Wow, so the rant has flipped. I've started with myself and now have been able to 180 it back to girls. Anyways, I know this is probably the most nonlinear line of thinking. This comes from the fact that this is a rant and I'm just writing things as they come to me. Allow me to finish by telling the story of what brought about this rant:
On Friday night I took a girl out to see a movie. We have gone on several 'unofficial' dates and there was an obvious attraction to each other along with the given public displays of said affection. After the movie ended, I received a phone call from fellow workmates who were out and about the town. They wanted to meet the girl that was able to get me to shut up and go on a date (I'm quite the cynic on relationships). I ask my date and she seems more than willing to hang with my friends.
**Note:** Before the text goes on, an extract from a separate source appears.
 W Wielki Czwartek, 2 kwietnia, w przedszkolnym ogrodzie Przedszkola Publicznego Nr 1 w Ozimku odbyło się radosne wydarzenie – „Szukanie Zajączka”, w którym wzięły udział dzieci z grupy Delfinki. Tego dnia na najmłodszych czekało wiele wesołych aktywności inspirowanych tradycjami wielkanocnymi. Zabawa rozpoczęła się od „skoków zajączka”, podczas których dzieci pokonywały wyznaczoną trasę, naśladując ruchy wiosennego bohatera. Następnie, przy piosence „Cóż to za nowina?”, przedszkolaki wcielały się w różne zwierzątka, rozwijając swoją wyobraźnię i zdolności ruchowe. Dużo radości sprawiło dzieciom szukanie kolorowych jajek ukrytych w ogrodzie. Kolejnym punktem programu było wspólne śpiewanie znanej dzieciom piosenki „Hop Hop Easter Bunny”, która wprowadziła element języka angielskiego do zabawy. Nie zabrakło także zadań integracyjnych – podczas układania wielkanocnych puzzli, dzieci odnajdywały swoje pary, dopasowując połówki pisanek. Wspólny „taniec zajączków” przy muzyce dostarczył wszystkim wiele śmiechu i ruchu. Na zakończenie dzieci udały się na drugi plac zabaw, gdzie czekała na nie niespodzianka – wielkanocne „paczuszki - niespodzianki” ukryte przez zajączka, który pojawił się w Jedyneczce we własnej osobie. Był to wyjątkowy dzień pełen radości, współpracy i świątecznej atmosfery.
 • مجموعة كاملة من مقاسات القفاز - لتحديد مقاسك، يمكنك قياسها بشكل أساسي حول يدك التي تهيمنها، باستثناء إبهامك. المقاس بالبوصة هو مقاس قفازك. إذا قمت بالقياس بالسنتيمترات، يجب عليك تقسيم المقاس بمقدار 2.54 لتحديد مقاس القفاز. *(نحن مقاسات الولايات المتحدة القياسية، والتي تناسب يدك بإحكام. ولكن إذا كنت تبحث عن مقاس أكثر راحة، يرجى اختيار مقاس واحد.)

The night is going awesome. All my friends are loving my date and she is getting along great with everyone. Then comes the whole friend of a friend situation. Let's call him Foaf. Anyways, I notice that this fellow is attempting to bust-a-move with my date while on the dance floor. I remain cool. It's the dance floor, you're supposed to dance with other people. My friend comes up and mentions something about Foaf and how I need to go 'stake my claim' on my date. This seems preposterous to me because I thought it was kind of already assumed that, since there was visible PDA. Apparently, I was delaing with another cocky SoB.
I go to the dance floor several times whenever the mood stuck but never out of a jealous-driven reason. I went cause I found myself dancing to the song being played. Fast forward the hour or two to when we're walking back to my friends place. Foaf decides this is the perfect opportunity to upstage me with my date. I let them be. I just keep repeating to myself, "I will not be jealous. I have nothing to be jealous about."
We spend 30 minutes at my friends before I drive everyone home. This Foaf guy is relentless. His flirting ranges from the apparent following her around to spilling water on her pants. I've had about enough of the fellow but what do I say or do? "I won't be jealous." He follows us out and at some point must of swapped numbers with my date. "I won't be jealous." Then he immediately starts texting her as I'm driving her home. "I have nothing to be jealous about." She doesn't respond but here's what happened due from that night:
My date is an extremely friendly, flirtateous type that is best defined as having a free spirit. I don't know her extremely well. Was this just an innocent act or do I actually have something to be jealous about? I decide to try an experiment. I text her the next day while she is with friends, just to see how her day has gone. She doesn't text back. All of the sudden, I become the person being ignored. Did I so quickly assume that role the other guys assume when she's with someone? Do I have something to be jealous about? Do I have the reason to not trust her? Cue distrust.